PROBLEM DESCRIPTION:
Go through the records below and set each one down exactly, leaving out any pictures.

(Extracted data entries)
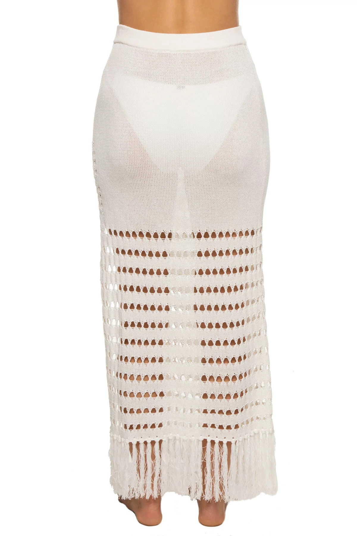 Nikki maxi skirt features a knit fabrication with a side slit, cutouts and a fringe hem.
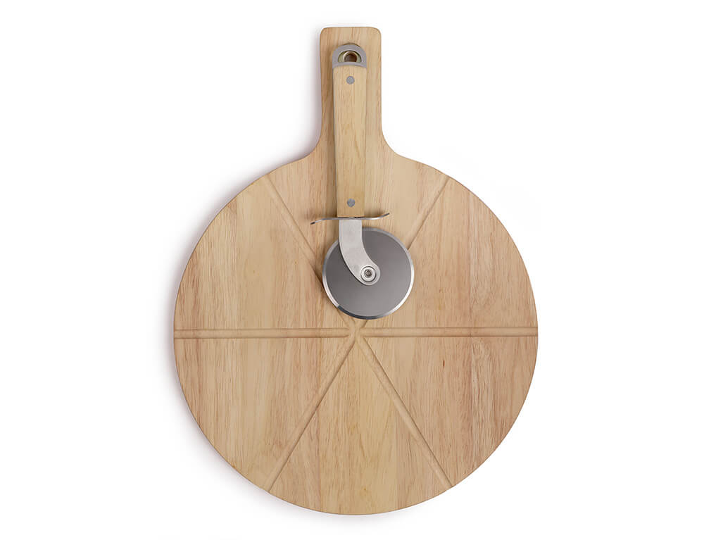 Σετ επιφάνεια κοπής και ρόδα για πίτσα από τη Livoo, για να μπορείτε να κόψετε και να σερβίρετε πίτσα με άνεση. Πάνω στην ξύλινη επιφάνεια μπορείτε να κόψετε την πίτσα σε κομμάτια και να τη σερβίρετε απευθείας. Η κοπή της πίτσας είναι πολύ εύκολη, χάρη στον κόφτη πίτσας που περιλαμβάνει το σετ. Όταν δεν το χρησιμοποιείτε, μπορείτε να κρεμάσετε χάρη στην εγκοπή στη λαβή που διαθέτει.
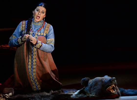 © РИА Новости Строгой музейной реконструкцией, эдаким аутентизмом для гурманов это тоже не является. У спектакля есть новые авторы: режиссер Юлия Певзнер, сценограф Альона Пикалова, художник по костюмам Елена Зайцева. Хотя в скобках и написано: по мотивам сценографии Федора Федоровского, 1955 г. Но в каноническую статику бревенчатых теремов порядком добавлено простодушного мельтешения по сцене. В отличие от еще одного «исторического» спектакля в репертуаре Большого — «Бориса Годунова» — актерам тут редко удается постоять истуканами. Внесены в меру смелые штрихи, способные вызвать оживление в публике. Любаша, расплетя косу и решительно скинув верхнюю одежду, пытается вернуть в свои объятия Грязного, который перед этим мается в эротическом сне, мечтая о Марфе. Опричники с добычей, окружив Ивана Грозного на живой лошади, демонстрируют мрачные страницы русской истории. А если кому в это время вспомнятся ряженые казаки с нагайками, так надо меньше в интернете сидеть.
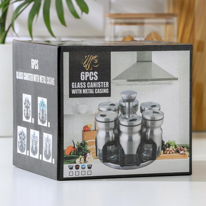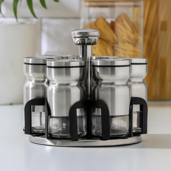 Набор для специй из стекла на подставке «Сияние», ёмкость, 5,5×10,5 см, 6 шт
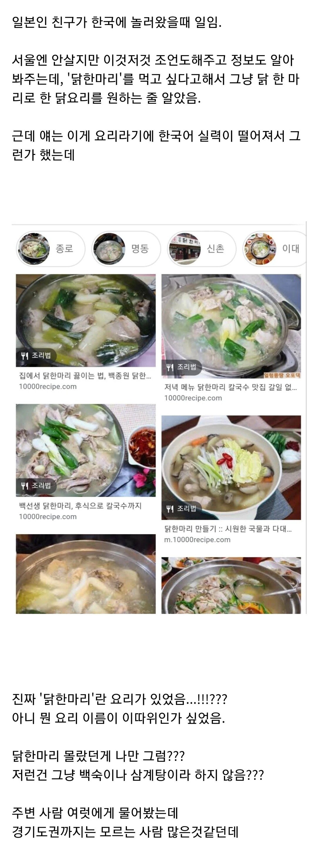 저도 처음에 저거 요리 보고 이름이 닭한마리라고?? 했습니다. 알게된지도 오래 안됐구요..ㅎㅎ
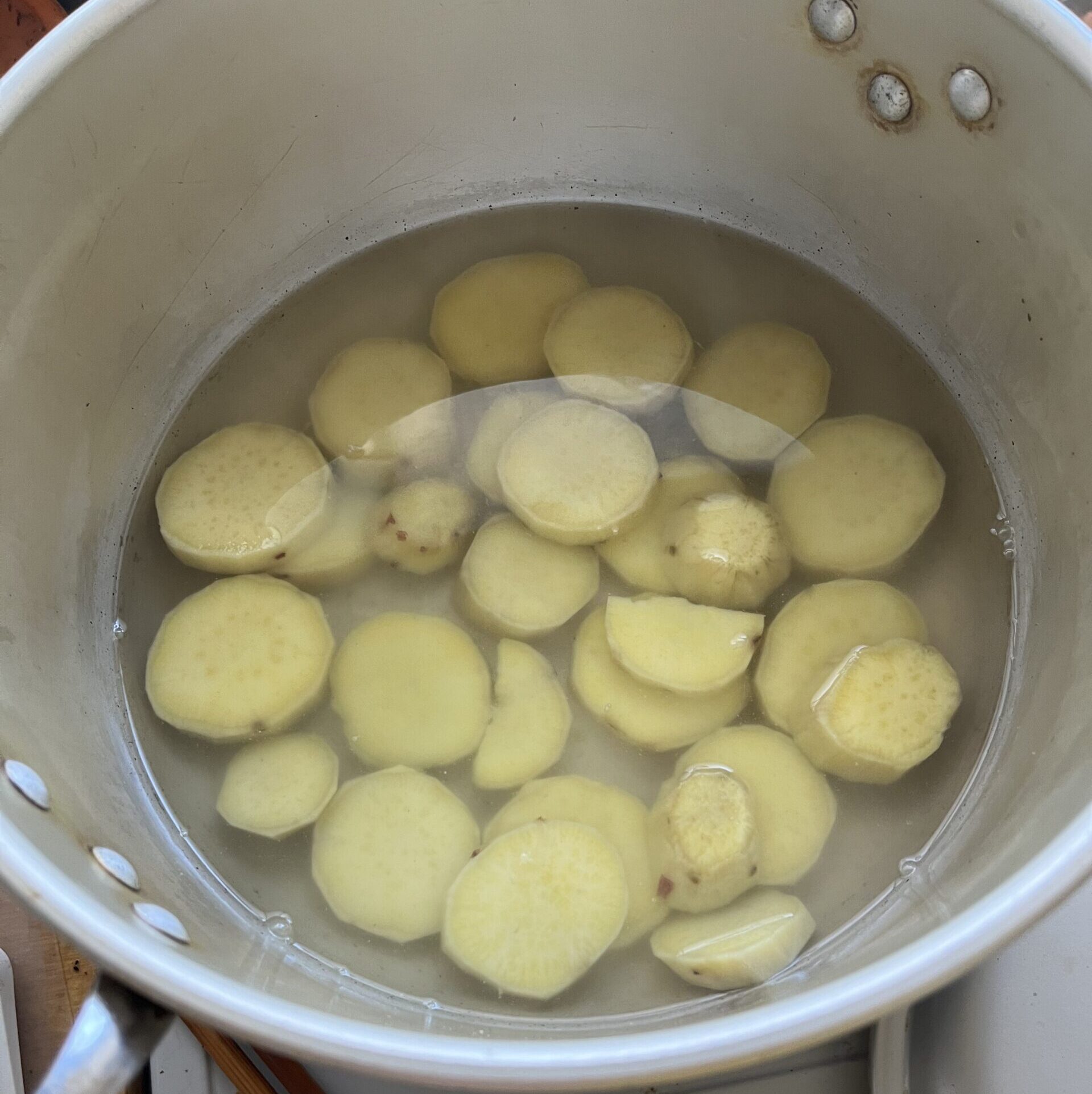 さつまいもの皮をむき輪切りにして、鍋に浸かるくらいの水(分量外)を入れて柔らかくなるまで茹でる。
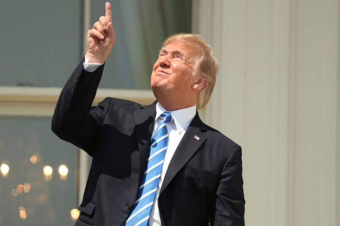 不过作为当事人的总统特朗普,好像没事儿人一样。他站在白宫阳台上不带特制眼镜看日食的画面通过电视网络直播成为“奇观”,在社交媒体上成为热门表情包。

RESPONSE TO THE TASK:
 Nikki maxi skirt features a knit fabrication with a side slit, cutouts and a fringe hem.
 Σετ επιφάνεια κοπής και ρόδα για πίτσα από τη Livoo, για να μπορείτε να κόψετε και να σερβίρετε πίτσα με άνεση. Πάνω στην ξύλινη επιφάνεια μπορείτε να κόψετε την πίτσα σε κομμάτια και να τη σερβίρετε απευθείας. Η κοπή της πίτσας είναι πολύ εύκολη, χάρη στον κόφτη πίτσας που περιλαμβάνει το σετ. Όταν δεν το χρησιμοποιείτε, μπορείτε να κρεμάσετε χάρη στην εγκοπή στη λαβή που διαθέτει.
 © РИА Новости Строгой музейной реконструкцией, эдаким аутентизмом для гурманов это тоже не является. У спектакля есть новые авторы: режиссер Юлия Певзнер, сценограф Альона Пикалова, художник по костюмам Елена Зайцева. Хотя в скобках и написано: по мотивам сценографии Федора Федоровского, 1955 г. Но в каноническую статику бревенчатых теремов порядком добавлено простодушного мельтешения по сцене. В отличие от еще одного «исторического» спектакля в репертуаре Большого — «Бориса Годунова» — актерам тут редко удается постоять истуканами. Внесены в меру смелые штрихи, способные вызвать оживление в публике. Любаша, расплетя косу и решительно скинув верхнюю одежду, пытается вернуть в свои объятия Грязного, который перед этим мается в эротическом сне, мечтая о Марфе. Опричники с добычей, окружив Ивана Грозного на живой лошади, демонстрируют мрачные страницы русской истории. А если кому в это время вспомнятся ряженые казаки с нагайками, так надо меньше в интернете сидеть.
 Набор для специй из стекла на подставке «Сияние», ёмкость, 5,5×10,5 см, 6 шт
 저도 처음에 저거 요리 보고 이름이 닭한마리라고?? 했습니다. 알게된지도 오래 안됐구요..ㅎㅎ
 さつまいもの皮をむき輪切りにして、鍋に浸かるくらいの水(分量外)を入れて柔らかくなるまで茹でる。
 不过作为当事人的总统特朗普,好像没事儿人一样。他站在白宫阳台上不带特制眼镜看日食的画面通过电视网络直播成为“奇观”,在社交媒体上成为热门表情包。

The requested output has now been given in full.